(Stored items from a collection)
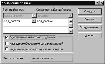 Рис. 5.6. Вікно зміни властивостей зв’язку При введенні даних та внесенні змін до таблиць існує необхідність підтримувати цілісність (несуперечливість) даних. Умовами цілісності даних називають набір правил, які використовуються для підтримки між табличних зв’язків та заборони на випадкове поновлення або знищення пов’язаних таблиць. Встановлення прапорця „Обеспечение целостности данных" дозволяє забезпечити виконання цих умов, а саме · додавати запис у підпорядковану таблицю (зі сторони „багато”) можна лише при наявності відповідного запису у головній таблиці; · заборонено видаляти запис з головної таблиці, якщо у підпорядкованій таблиці є відповідний запис. У випадку введення даних, що порушують цілісність даних, буде видано повідомлення. Пом’якшити правила зміни та видалення записів у пов’язаних таблицях, якшо встановити прапорці "Каскадное обновление связанных полей" та "Каскадное удаление связанных записей", а саме · встановлення прапорця "Каскадное обновление связанных полей" включає режим автоматичної зміни пов’язаних записів у підпорядкованій таблиці при зміні значень первинного ключа у головній таблиці; · встановлення прапорця "Каскадное удаление связанных записей" включає режим автоматичного видалення пов’язаних записів з підпорядкованої таблиці при видаленні значення первинного ключа з головної таблиці.
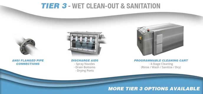 Wet & Dry Hybrid Cleanout, Tier 2, is developed to integrate with existing plant CIP processes/Skid or MPE’s supplied standalone cleaning units. Designed for dry products and ingredients with strong flavorings, colors or coating profiles that may leave residual materials in conveying system, by facilitating the introduction of water, foam and/or approved cleaning agents. Sanitizing options are available. Tier 2 options include:
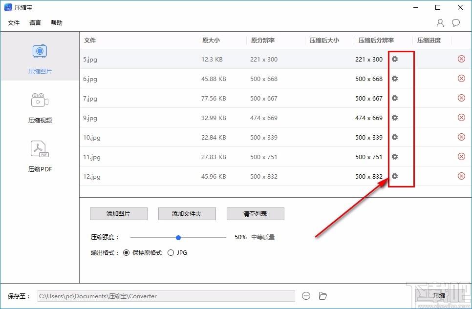 2、点击对应图片设置按钮即可设置图片压缩后的分辨率
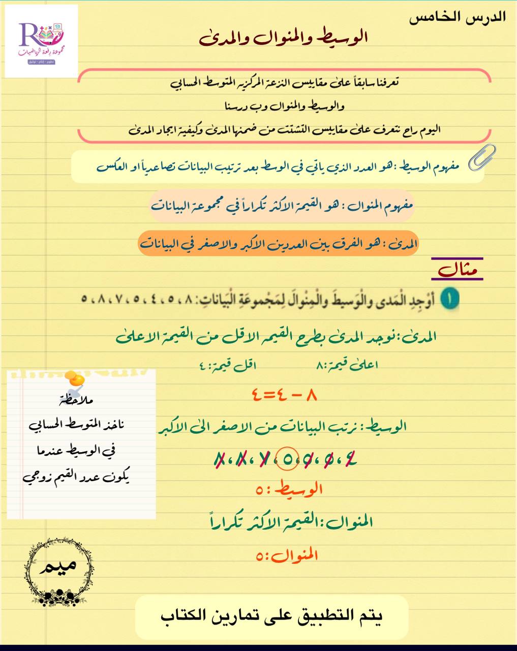 ورقه عمل درس الوسيط والمنوال والمدى
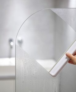 This compact shower squeegee with hook comes with its own storage holder that attaches securely to tiles or a glass shower screen and includes a handy hook for hanging a range of bathroom accessories.
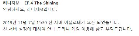 이실로테 서버가 무엇이냐? 바로 2019년에 오픈한 신서버다.
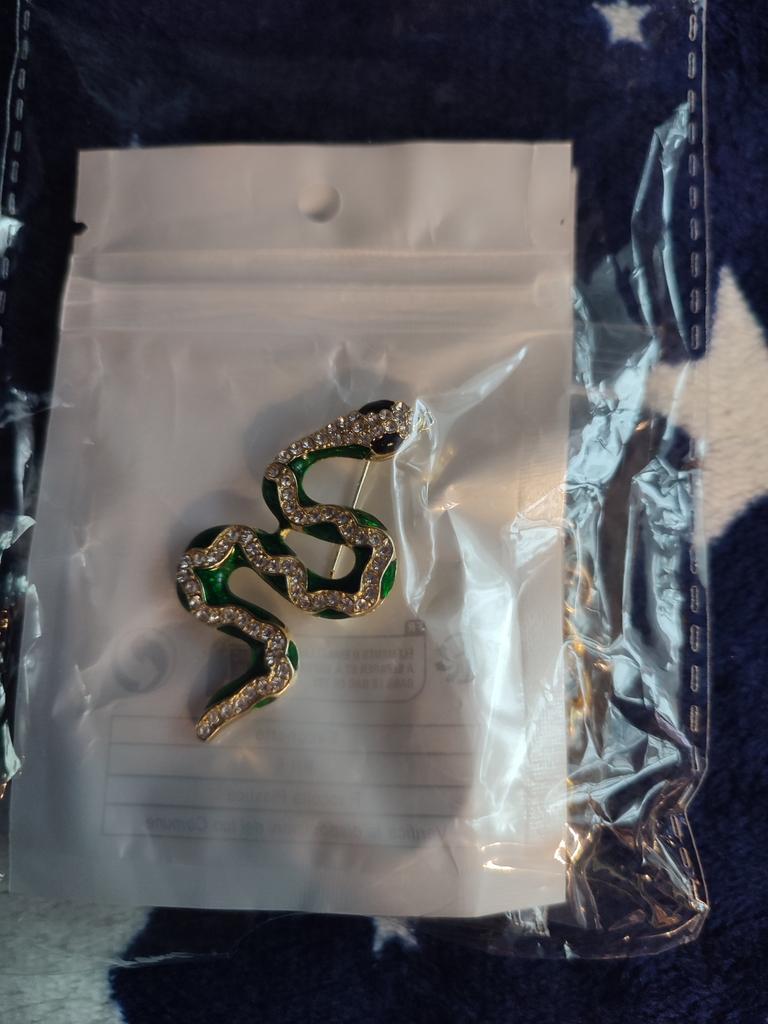 Брошь Змея.🐍 🔸️В преддверии Нового Года решила заказать брошь Змею - символ 2025 года. 🔸️Модель выполнена из бижутерного сплава и украшена россыпью переливающихся страз, а также имеются вставки из зеленой, блестящей эмали. Размеры броши 2,7* 5 см. 🔸️Змея — символ мудрости, силы, тайны и изменений. В восточной культуре Змею характеризуют, как мудрое, прозорливое и верное животное. Аксессуары со змеями символизируют возрождение, жизненный опыт и силу. 🔸️Брошь-талисман Змея - прекрасный вариант дополнения женского образа. 🔸️Рекомендую от души!
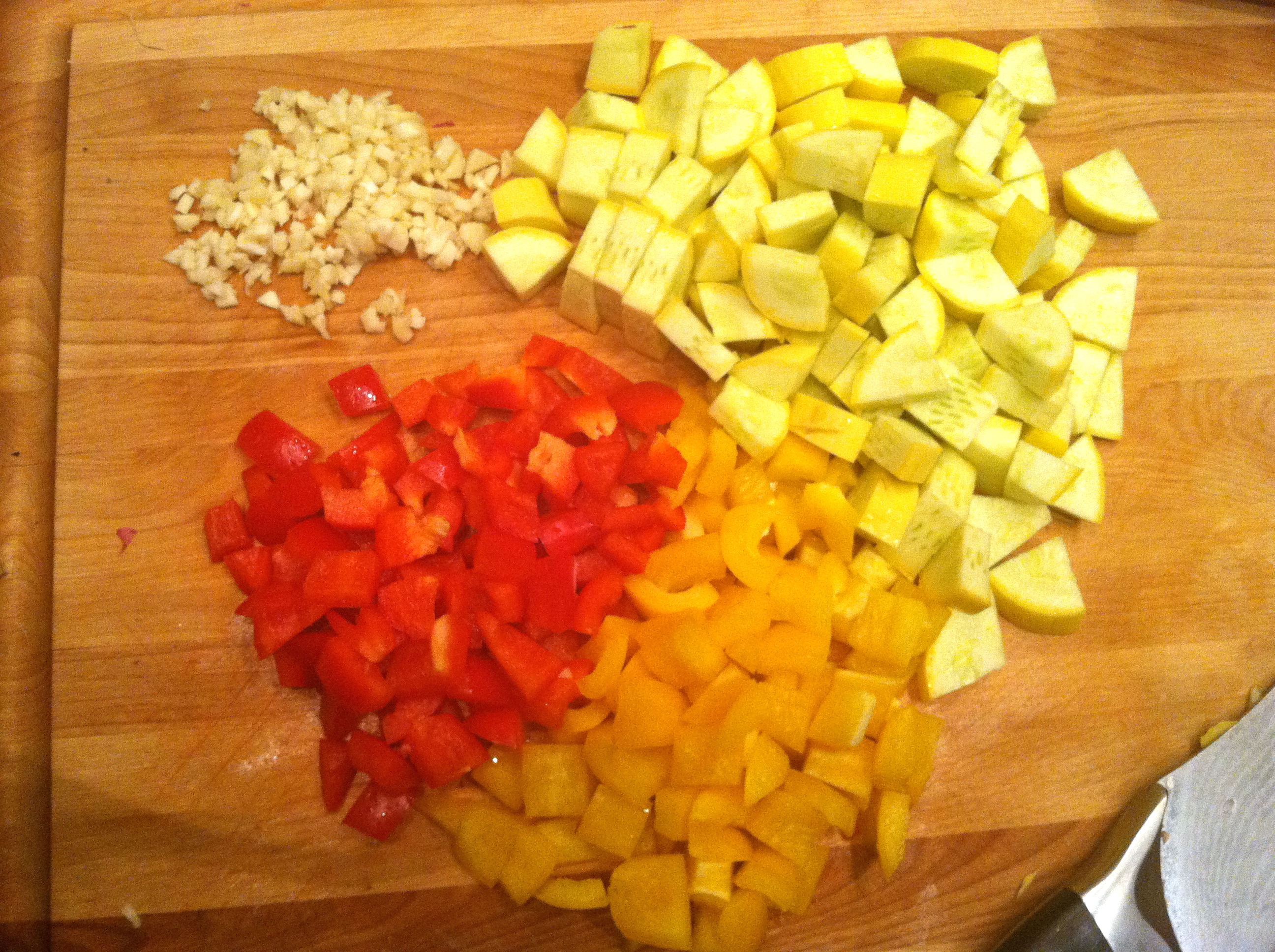 While the bacon sizzled away in a large stock pot, I chopped up lots of veggies- onion, red bell pepper, yellow squash, and potatoes. I got some garlic and jalapeno ready for action, too.
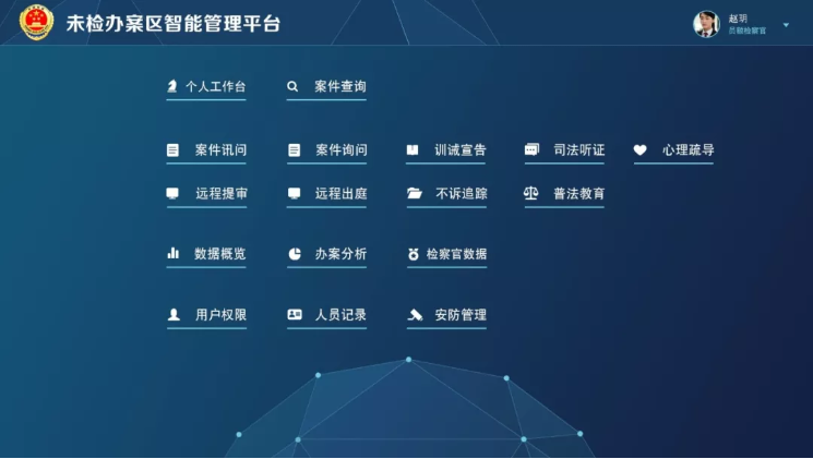 在未检办案区中,部署有“天机”未成年人检察办案区智能管理平台,配合未检办案区场馆设计和智能化硬件的使用,可全面实现对未检办案区的有效管理。
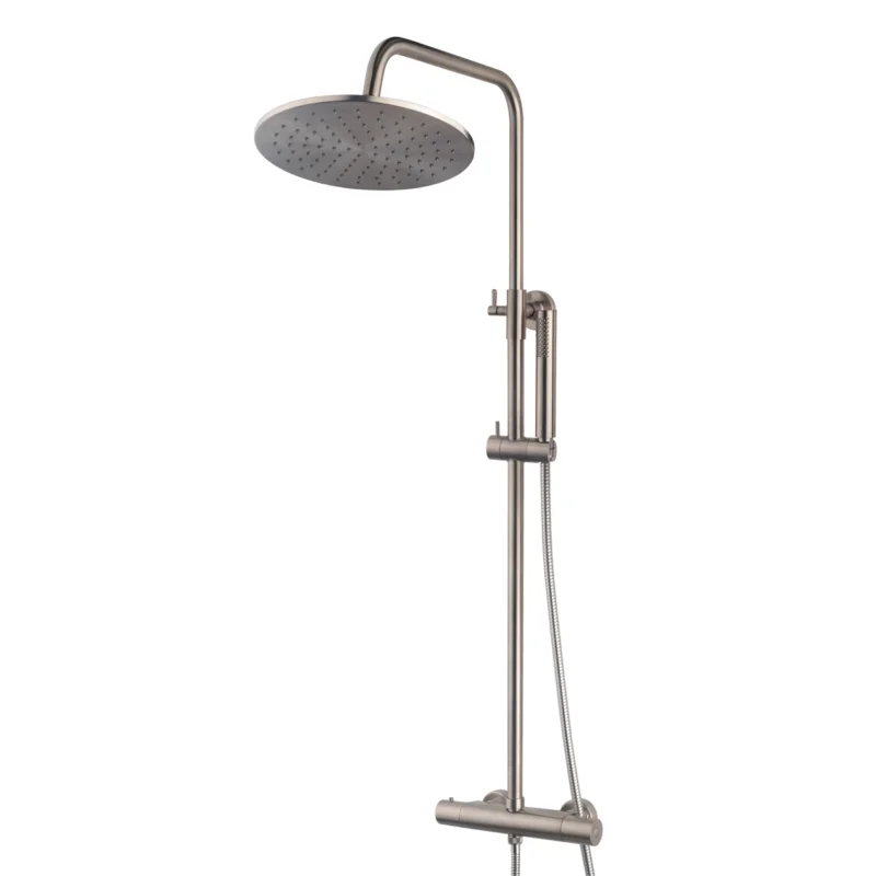Strak, mat en modern: deze douche-opbouwset in geborsteld staal is een blikvanger in je badkamer. De set biedt alles wat je nodig hebt voor dagelijks douchecomfort \\u2013 inclusief thermostatische kraan, handdouche en hoofddouche. Stijlvol én functioneel.
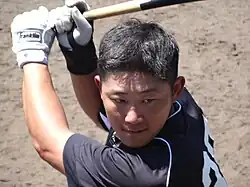 As a 6 year old, playing catch with an Akinobu Okada signed ball was his inspiration to start playing baseball where he played for Edogawa South Little Seniors.[1] At Shutoku High School, he played mostly as a pitcher with time spent at short stop where he was the ace and batted 4th. In summer of his junior year he reached the best 8 of the Tokyo tournament while in spring of his senior year he reached the Tokyo tournament semi-finals where he also hit a home run in the second game against Meisei High School. In summer of his senior year he showed great poise in pitching against Kanto Daiichi High School in the tournament final. He also hit a come from behind RBI in the 7th inning. In the 8th inning however due to leg discomfort, he came off the mound where his team went down in a walk-off loss, missing his chance at reaching the Japanese High School Baseball Championship. He hit a total of 18 homeruns in his high school career.

__Task to complete__: Your task is to copy only the lines above starting at the one containing "This compact shower" and ending at the one containing "이실로테 서버가 무엇이냐? 바로 2019년에 오픈한 신서버다.". Copy them exactly, both ends included, and omit the pictures.

__Result__:
 This compact shower squeegee with hook comes with its own storage holder that attaches securely to tiles or a glass shower screen and includes a handy hook for hanging a range of bathroom accessories.
 이실로테 서버가 무엇이냐? 바로 2019년에 오픈한 신서버다.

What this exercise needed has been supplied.